Of the 63 enrolled patients, 54 (85.7%) had a CXR. Of these 54 CXRs, 42 (77.8%) revealed positive findings. Forty-six (73.0%) of the 63 enrolled patients had respiratory symptoms and 35 (76.1%) of them had positive CXR findings. In the 35 children with respiratory symptoms and positive CXR findings, 16 (45.7%) had pneumonic changes, 11 (31.4%) had hyperinflation on CXR, and pneumonic change with hyperinflation was found in 8 (22.9%).

Of the 54 children who had CXRs, 30 (55.6%) had pneumonic changes. Nasopharyngeal aspirates (NPAs) were collected from 10 (33.3%) of the 30 children with pneumonic changes on CXR, 3 (30.0%) of which were positive for respiratory syncytial virus (RSV) and 1 (10.0%) was positive for Pneumocystis jiroveci (on immunoflourescence). Ten (33.3%) of the 30 children with pneumonic changes on CXR had induced sputum specimens collected, one of which (in an HIV-positive child) was positive for acid-alcohol-fast bacilli (AFB) and one positive for Candida albicans (HIV-negative child). Twenty (37.0%) of the 54 children who had a CXR had positive findings of hyperinflation. NPAs were conducted in 5 (25.0%) of the 20 children who had hyperinflated CXRs, and 2 of these were positive, 1 for RSV and 1 for parainfluenza virus type 3.

Seven (70.0%) of the 10 children who had an elevated WCC and CXR performed had positive CXR findings. Both patients with a decreased WCC had radiographic changes. The proportion of all CXRs with positive findings (n=42) with and without elevated or decreased WCC were compared with those with normal CXRs (n=12). There was no correlation between WCC on admission and CXR findings of pneumonia or hyperinflation (p=0.145 and p=0.669, respectively).

A positive WCC (elevated or decreased WCC) in combination with positive CSF findings was found in 1 of the 3 patients who had a positive WCC and an LP. These positive CSF findings were based on biochemistry suggestive of meningitis, even though they had a negative CSF culture and PCR. Twenty-two LPs were conducted in this cohort.

There was no correlation between WCC on admission and duration of hospital stay (p=0.471).

CRP was measured in 59 (93.7%) of the 63 patients enrolled in the study. A positive CRP (defined as a CRP >40 mg/L)^[6] was found in 25 (42.4%) patients. Median (range) CRP was 31.0 (<1 to 336) mg/L. There was no correlation between CRP on admission and duration of stay (p=0.863). A positive CRP in combination with positive CXR findings was found in 15 (71.4%) of the 21 patients who had a positive CRP and had had a CXR. There was no correlation between CRP on admission and CXR findings of hyperinflation (p=0.087) or pneumonia (p=0.368).

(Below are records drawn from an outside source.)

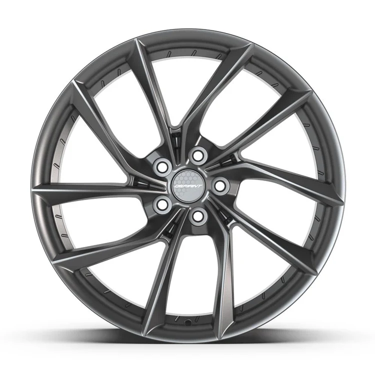 These DF06 Defiant wheels are 20×9 & 20×10 dark satin charcoal rims designed to fit the Tesla Model X / Model S and other compatible vehicles. Please check our fitment tab for specific year-make-model applications and will-not-fit exceptions before ordering.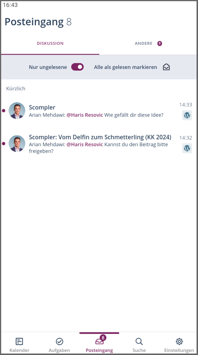 Der Posteingang innerhalb der Scompler Mobile App ist unterteilt in die Tab „Diskussion“ und „Andere“.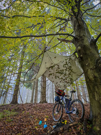 Na řídítkách jen spacák? Nebo jsi vezl i stan nebo celtu?

A positive CRP in combination with a significant positive blood culture result was found in 2 (9.5%) of the 21 patients who had a positive CRP and in whom a blood culture was performed. A positive CRP in combination with positive CSF findings was found in 6 (60.0%) of 10 patients who had a positive CRP and in whom an LP was performed. Five out of the 6 positive CSF findings were based on biochemistry suggestive of meningitis. One was positive based on CSF PCR for enterovirus.

PCT was measured in 25 (39.7%) of the 63 enrolled patients. The clinical profile of these patients varied greatly, and 11 (44.0%) were critically ill, requiring paediatric intensive care unit (PICU) admission. PCT was found to be positive (>0.2 ìg/L)^[7] in 21 (84.0%) of the 25 patients, 10 (47.6%) of whom were admitted to ICU. Five (50.0%) of these 10 died. Median (range) PCT was 5.7 (0 - 728) ìg/L. Sixteen (76.2%) of the 21 children with a positive PCT remained hospitalised for 5 days or longer; however, statistically there was no correlation between PCT on admission and duration of stay (p=0.392).

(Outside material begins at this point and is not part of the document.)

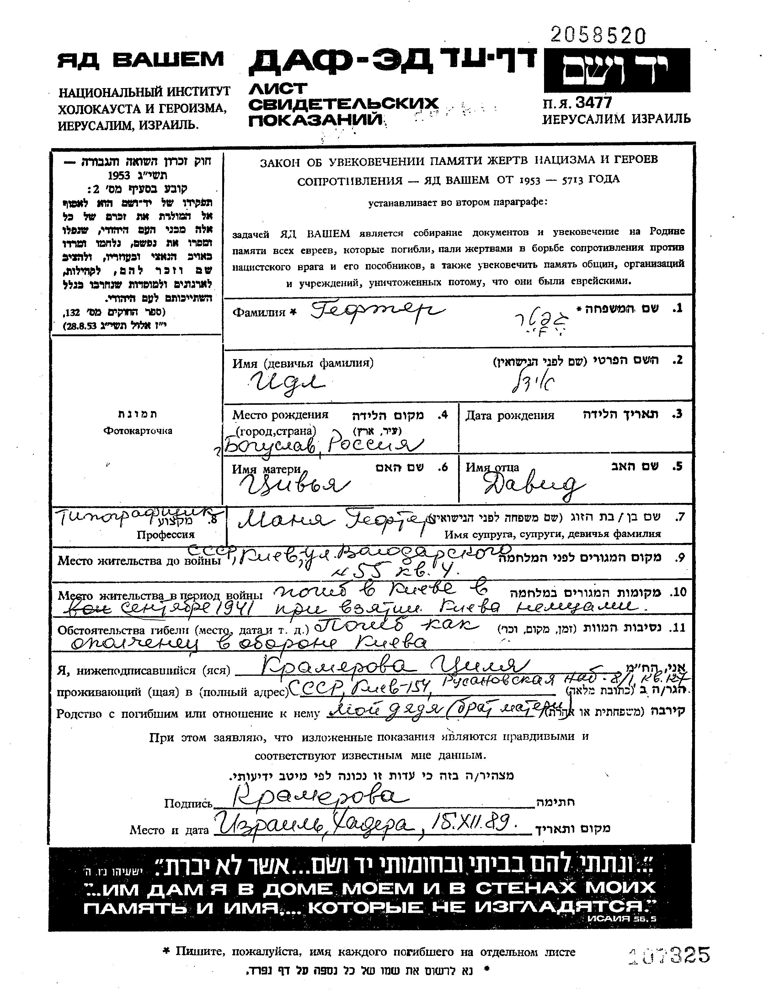Gefter Idl Kiyev, Ukraine (URSS) Feuille de témoignage

A positive PCT in combination with positive CXR findings was found in 16 (80.0%) of the 20 patients who had a positive PCT and in whom a CXR was performed. A positive PCT in combination with a significant positive blood culture result occurred in 1 (4.8%) of the 21 patients who had a positive PCT and in whom a blood culture was performed. A positive PCT in combination with positive CSF findings occurred in 4 (50.0%) of the 8 patients who had a positive PCT and in whom an LP was performed. Three (75.0%) of the 4 were positive based on biochemistry suggestive of meningitis; 1 (25.0%) was positive based on CSF PCR for enterovirus.

All of the children enrolled in the cohort had urine dipsticks evaluated at admission, and 12 (19%) had positive urine dipsticks for leucocytes or nitrites. All of the urine specimens from children with positive urine dipsticks were culture-negative. Two (16.7%) of the children with positive urine dipsticks had viral pathogens isolated on stool specimens (positive on stool ELISA): adenovirus (n=1) and adenovirus and rotavirus (n=1). In 8 (15.7%) of the children with negative urine dipsticks an organism in the urine was cultured.

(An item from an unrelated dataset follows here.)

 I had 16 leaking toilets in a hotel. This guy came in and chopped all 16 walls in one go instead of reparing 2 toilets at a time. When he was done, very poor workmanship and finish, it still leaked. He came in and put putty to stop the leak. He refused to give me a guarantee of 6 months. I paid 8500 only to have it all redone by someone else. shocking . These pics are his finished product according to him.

Of the 63 total enrolled patients, 11 (17.5%) required PICU admission and 5 (7.9%) patients died. Four of the five deaths occurred after the first 3 days of hospitalisation, with the median time to death being 10 days (range 2 - 20 days).

 

Discussion

The value of biomarkers for determining SBI in febrile children has revealed conflicting results. Some studies suggest that individual tests perform better than others or than clinical judgement of bacterial v. viral infection, while other studies do not.^[3,10-13]

The insensitivity of routine microbiological methodologies in identifying bacterial infections, particularly bacteraemia, is well described, and molecular diagnostic techniques may in fact be superior to acute-phase reactants in detecting SBI in children.^[14] In a study performed to understand the epidemiology of childhood bacterial diseases, including invasive pneumococcal disease (IPD), screening criteria were used to identify children aged less than 5 years of age who had signs and symptoms of SBI.^[14] The study concluded that PCR and antigen testing increased the sensitivity of detection and provided a more precise estimation of the burden of invasive bacterial disease than bacterial culture.^[14] This study does not however argue against the use of CRP, PCT and other inflammatory biomarkers.

CXRs and their correlating biomarkers have been shown to have good test sensitivity for pulmonary disease.^[9] In our study, all patients with a decreased WCC, 80% of those with a positive PCT, 71.4% with a positive CRP and 70% with an elevated WCC had positive CXR changes. However, these biomarkers cannot be used to distinguish pneumonic changes from hyperinflation.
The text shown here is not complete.